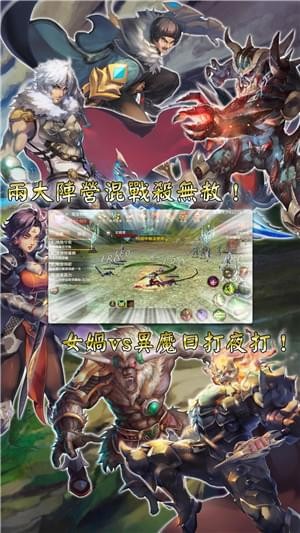 异魔频频入侵,女娲奋起对抗!战场为两者阵营的中心「一水隔天」,玩家们可以随时随地前往一水隔天,只要巧遇敌阵之人,便可立刻发起进攻。如觉不敌,可发起号召,同营玩家便会收到通知,马上前来支援。如实力强劲者,更会随时成为他人的教世主,保护友方玩家。
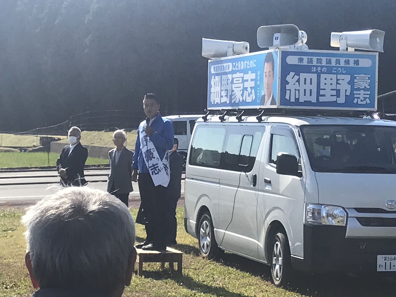 この日は、細野豪志衆議院議員候補の選挙カーの先導を午後からしてました。
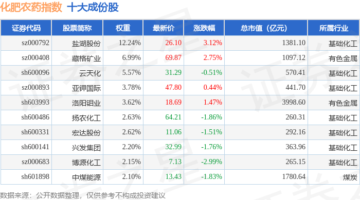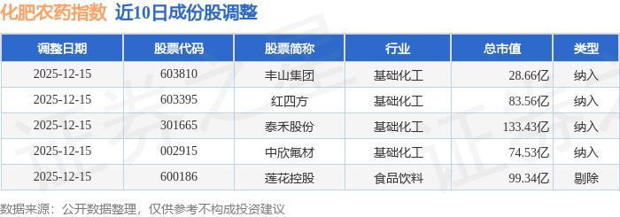近10日内化肥农药(980035)指数成份股做了调整,新纳入了4只股票,剔除了1只股票。
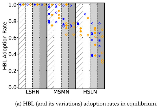 HBL adoption rates at equilibria in games with and without spoofing. Each blue (orange) marker specifies the HBL proportion at one equilibrium found in a specific game environment without (with) spoofing.
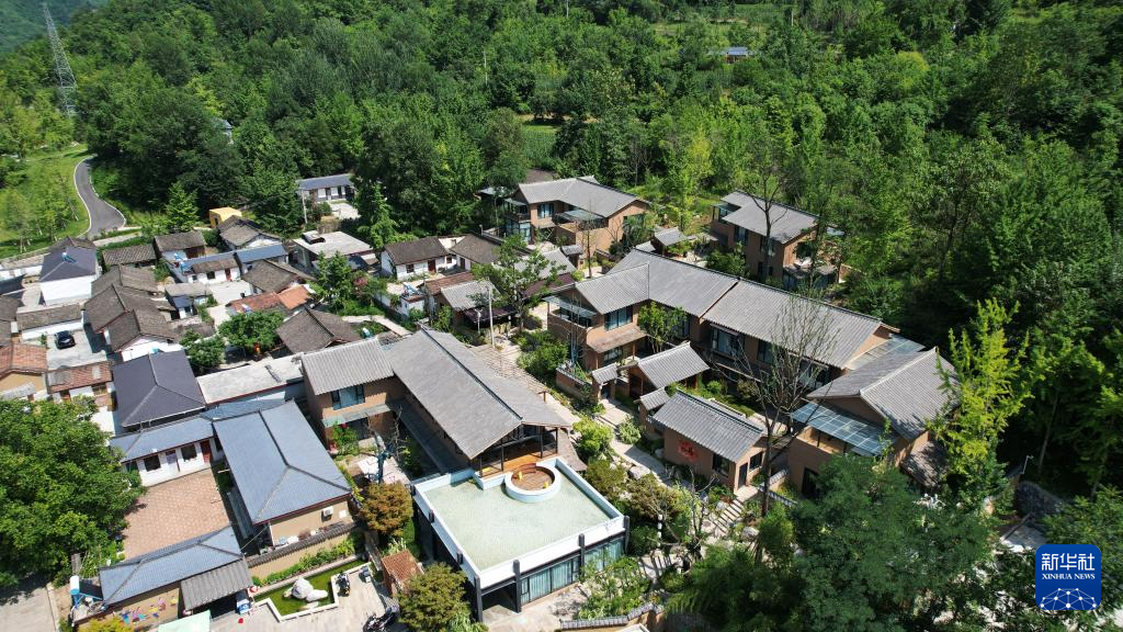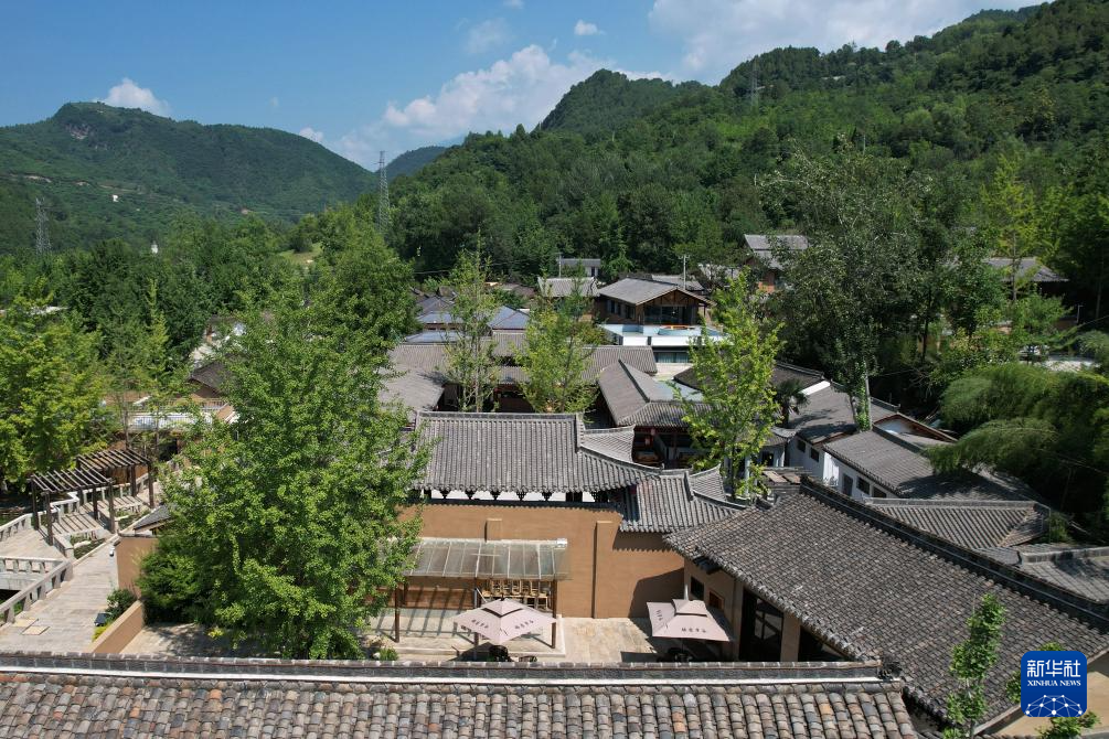 这是7月15日拍摄的田河村“银杏梦谷”民宿(无人机照片)。

Activity> Nothing but the lines from the line holding "この日は、細野豪志衆議院議員候補の選挙カーの先導を午後からしてました。" through the last line of the entries above is to be reproduced, exactly and without pictures.

Finished task>
 この日は、細野豪志衆議院議員候補の選挙カーの先導を午後からしてました。
近10日内化肥农药(980035)指数成份股做了调整,新纳入了4只股票,剔除了1只股票。
 HBL adoption rates at equilibria in games with and without spoofing. Each blue (orange) marker specifies the HBL proportion at one equilibrium found in a specific game environment without (with) spoofing.
 这是7月15日拍摄的田河村“银杏梦谷”民宿(无人机照片)。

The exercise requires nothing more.